### Task objective
An exact repetition of the data below, without images, is the expected answer.

** Opening Material provided block **

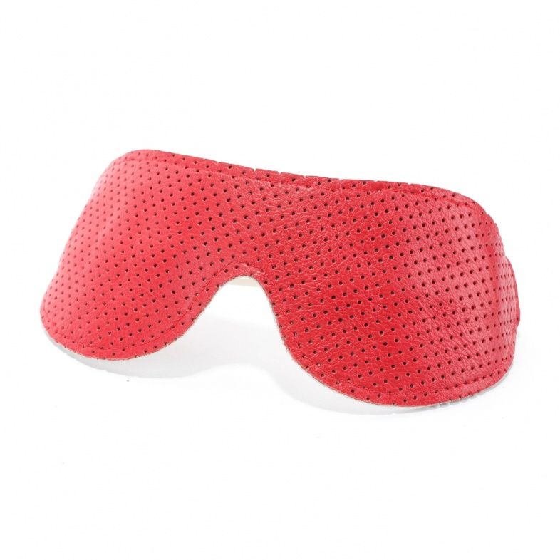 Маска из натуральной кожи на резиночке. Декорирована ярко-красными крестиками. Имеет красный подклад из мягкой перфорированной кожи. Ширина - 7 см.
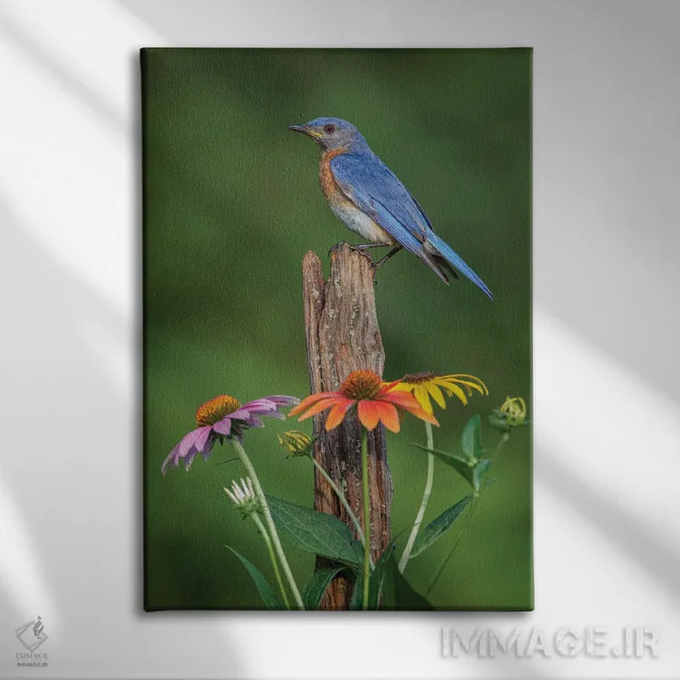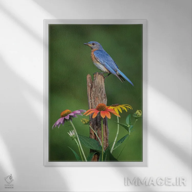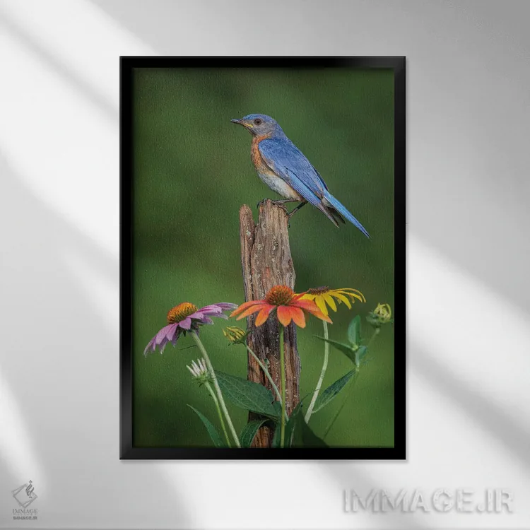 «بلوبرد شرقی نر روی میلهٔ قدیمی حصار با گلهای مخروطی» اثرِ «آدام جونز» از آن کارهاییست که بافت و جزئیات را طوری نشان میدهد که نگاه میماند؛ برای دکورهای مدرن و مینیمال انتخاب خوبیست. در کنار گیاهان و نور طبیعی، جذابتر هم میشود.
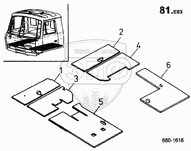 Каталог запасных частей к технике: ТАТРА 815-2 EURO II. Коврики (680)

** Closing Material provided block **

### Solution for this problem
 Маска из натуральной кожи на резиночке. Декорирована ярко-красными крестиками. Имеет красный подклад из мягкой перфорированной кожи. Ширина - 7 см.
 «بلوبرد شرقی نر روی میلهٔ قدیمی حصار با گلهای مخروطی» اثرِ «آدام جونز» از آن کارهاییست که بافت و جزئیات را طوری نشان میدهد که نگاه میماند؛ برای دکورهای مدرن و مینیمال انتخاب خوبیست. در کنار گیاهان و نور طبیعی، جذابتر هم میشود.
 Каталог запасных частей к технике: ТАТРА 815-2 EURO II. Коврики (680)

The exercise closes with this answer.